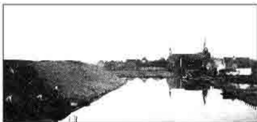
Fort Lunette in de jaren dertig. De mannen die op de foto op de wal lopen, treffen vermoedelijk voorbereidingen voor het afgraven van de aarde, ten behoeve van de dijkhverhoging.

De forten Redoute en Lunette stamden uit 1811. Napoleon liet ze bouwen ter verdediging van De Schans, de stelling die dateert in 1572 en op last van Willem de Zwijger was opgericht en door Napoleon versterkt. De twee bijforten bouwde Napoleon vanuit de redenering dat de Engelsen waarmee hij in oorlog was de tactiek hadden om de stellingen van de Fransen niet over zee, maar over land aan te vallen. Fort Lunette, gelegen tussen de Schans en Oudeschild, bestond uit een aarden wal, met een open achterzijde in de vorm van een pijl of maan (Lunette stamt af van la lune). Het geheel werd omgeven door een gracht en was aan de landzijde te betreden via een eenvoudige brug. Op het fort heeft volgens NM een houten barak gestaan en het bood plaats aan drie plateau's voor kanonnen.
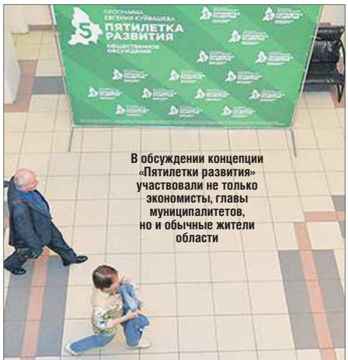
В обсуждении концепции «Пятилетки развития» участвовали не только экономисты, главы муниципалитетов, но и обычные жители области
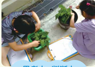
思考力・判断力 表現力など
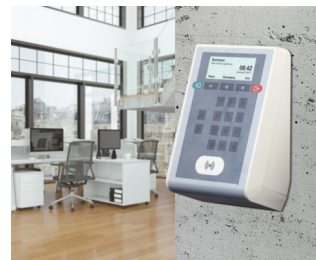
Time recording terminal
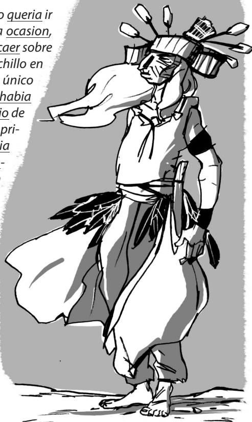
Jordi SIERRA I FABRA El último verano miwok, SM

9 Las palabras subrayadas del texto contienen diptongos o hiatos. Coloca la tilde en aquellas que deban llevarla y cópialas a continuación.
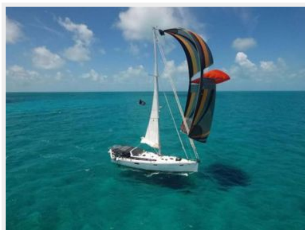
Parasailor looking great
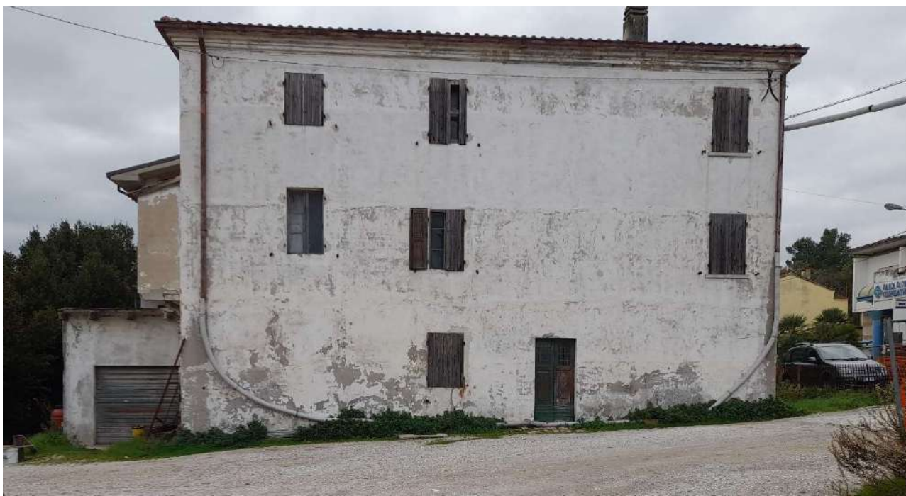
FOTO N°7 - Vista bene confinante particella 405 e particella 16 del Foglio 84 del Catasto Comune di Fano, ricadenti nel comparto edilizio.
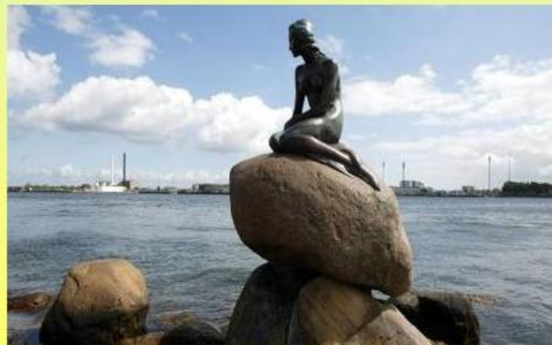
Русалочка (Г.Х.Андерсен) Копенгаген, Дания

————

__Aim of the exercise__: Exclude the pictures and print the rest of the data exactly.

__Reply__:
Fort Lunette in de jaren dertig. De mannen die op de foto op de wal lopen, treffen vermoedelijk voorbereidingen voor het afgraven van de aarde, ten behoeve van de dijkhverhoging.

De forten Redoute en Lunette stamden uit 1811. Napoleon liet ze bouwen ter verdediging van De Schans, de stelling die dateert in 1572 en op last van Willem de Zwijger was opgericht en door Napoleon versterkt. De twee bijforten bouwde Napoleon vanuit de redenering dat de Engelsen waarmee hij in oorlog was de tactiek hadden om de stellingen van de Fransen niet over zee, maar over land aan te vallen. Fort Lunette, gelegen tussen de Schans en Oudeschild, bestond uit een aarden wal, met een open achterzijde in de vorm van een pijl of maan (Lunette stamt af van la lune). Het geheel werd omgeven door een gracht en was aan de landzijde te betreden via een eenvoudige brug. Op het fort heeft volgens NM een houten barak gestaan en het bood plaats aan drie plateau's voor kanonnen.
В обсуждении концепции «Пятилетки развития» участвовали не только экономисты, главы муниципалитетов, но и обычные жители области
思考力・判断力 表現力など
Time recording terminal
Jordi SIERRA I FABRA El último verano miwok, SM

9 Las palabras subrayadas del texto contienen diptongos o hiatos. Coloca la tilde en aquellas que deban llevarla y cópialas a continuación.
Parasailor looking great
FOTO N°7 - Vista bene confinante particella 405 e particella 16 del Foglio 84 del Catasto Comune di Fano, ricadenti nel comparto edilizio.
Русалочка (Г.Х.Андерсен) Копенгаген, Дания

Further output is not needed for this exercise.